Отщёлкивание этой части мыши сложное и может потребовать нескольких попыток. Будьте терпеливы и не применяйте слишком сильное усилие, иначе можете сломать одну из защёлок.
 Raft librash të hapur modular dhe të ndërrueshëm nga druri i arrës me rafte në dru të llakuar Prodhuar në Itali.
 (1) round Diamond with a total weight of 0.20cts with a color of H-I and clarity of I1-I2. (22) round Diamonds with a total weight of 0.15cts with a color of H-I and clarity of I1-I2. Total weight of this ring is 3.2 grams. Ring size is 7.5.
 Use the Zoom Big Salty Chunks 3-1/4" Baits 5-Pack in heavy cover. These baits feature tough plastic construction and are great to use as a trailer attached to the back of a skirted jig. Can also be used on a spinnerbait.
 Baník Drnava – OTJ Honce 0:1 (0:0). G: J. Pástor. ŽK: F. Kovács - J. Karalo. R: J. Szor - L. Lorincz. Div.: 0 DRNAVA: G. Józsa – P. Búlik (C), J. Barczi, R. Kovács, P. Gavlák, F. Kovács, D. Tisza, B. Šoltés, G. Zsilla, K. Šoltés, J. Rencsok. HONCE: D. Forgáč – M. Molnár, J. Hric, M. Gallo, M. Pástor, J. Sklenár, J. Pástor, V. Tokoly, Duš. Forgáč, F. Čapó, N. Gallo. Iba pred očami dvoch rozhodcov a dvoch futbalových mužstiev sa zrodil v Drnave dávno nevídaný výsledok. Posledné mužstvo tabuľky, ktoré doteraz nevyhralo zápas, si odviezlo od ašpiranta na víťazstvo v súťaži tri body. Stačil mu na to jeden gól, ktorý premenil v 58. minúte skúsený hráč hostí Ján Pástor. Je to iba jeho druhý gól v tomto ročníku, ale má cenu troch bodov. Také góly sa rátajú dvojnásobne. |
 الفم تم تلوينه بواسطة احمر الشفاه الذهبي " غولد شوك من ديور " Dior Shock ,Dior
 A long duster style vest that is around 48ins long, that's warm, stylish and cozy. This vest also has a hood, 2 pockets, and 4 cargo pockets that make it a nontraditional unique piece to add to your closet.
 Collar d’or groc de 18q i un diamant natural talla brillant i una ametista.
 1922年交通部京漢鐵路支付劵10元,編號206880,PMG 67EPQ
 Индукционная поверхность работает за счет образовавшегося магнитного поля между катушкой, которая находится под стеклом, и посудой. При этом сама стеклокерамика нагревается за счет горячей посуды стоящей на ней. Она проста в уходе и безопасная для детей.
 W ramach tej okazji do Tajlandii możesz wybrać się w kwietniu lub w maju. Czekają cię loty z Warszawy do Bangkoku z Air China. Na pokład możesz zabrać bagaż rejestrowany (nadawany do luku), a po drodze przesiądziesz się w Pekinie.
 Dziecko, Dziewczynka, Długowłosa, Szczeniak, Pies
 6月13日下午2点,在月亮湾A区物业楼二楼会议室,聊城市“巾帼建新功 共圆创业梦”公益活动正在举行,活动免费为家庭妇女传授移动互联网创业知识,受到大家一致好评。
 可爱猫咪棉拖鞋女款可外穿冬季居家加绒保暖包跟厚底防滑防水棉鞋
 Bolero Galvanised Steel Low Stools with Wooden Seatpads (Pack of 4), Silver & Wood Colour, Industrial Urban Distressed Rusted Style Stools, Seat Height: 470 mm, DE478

• Instructions for the task: Each line from the one containing "Индукционная поверхность работает" through the end of the entries, both included, is to be returned exactly, with no other lines.

• Task result:
 Индукционная поверхность работает за счет образовавшегося магнитного поля между катушкой, которая находится под стеклом, и посудой. При этом сама стеклокерамика нагревается за счет горячей посуды стоящей на ней. Она проста в уходе и безопасная для детей.
 W ramach tej okazji do Tajlandii możesz wybrać się w kwietniu lub w maju. Czekają cię loty z Warszawy do Bangkoku z Air China. Na pokład możesz zabrać bagaż rejestrowany (nadawany do luku), a po drodze przesiądziesz się w Pekinie.
 Dziecko, Dziewczynka, Długowłosa, Szczeniak, Pies
 6月13日下午2点,在月亮湾A区物业楼二楼会议室,聊城市“巾帼建新功 共圆创业梦”公益活动正在举行,活动免费为家庭妇女传授移动互联网创业知识,受到大家一致好评。
 可爱猫咪棉拖鞋女款可外穿冬季居家加绒保暖包跟厚底防滑防水棉鞋
 Bolero Galvanised Steel Low Stools with Wooden Seatpads (Pack of 4), Silver & Wood Colour, Industrial Urban Distressed Rusted Style Stools, Seat Height: 470 mm, DE478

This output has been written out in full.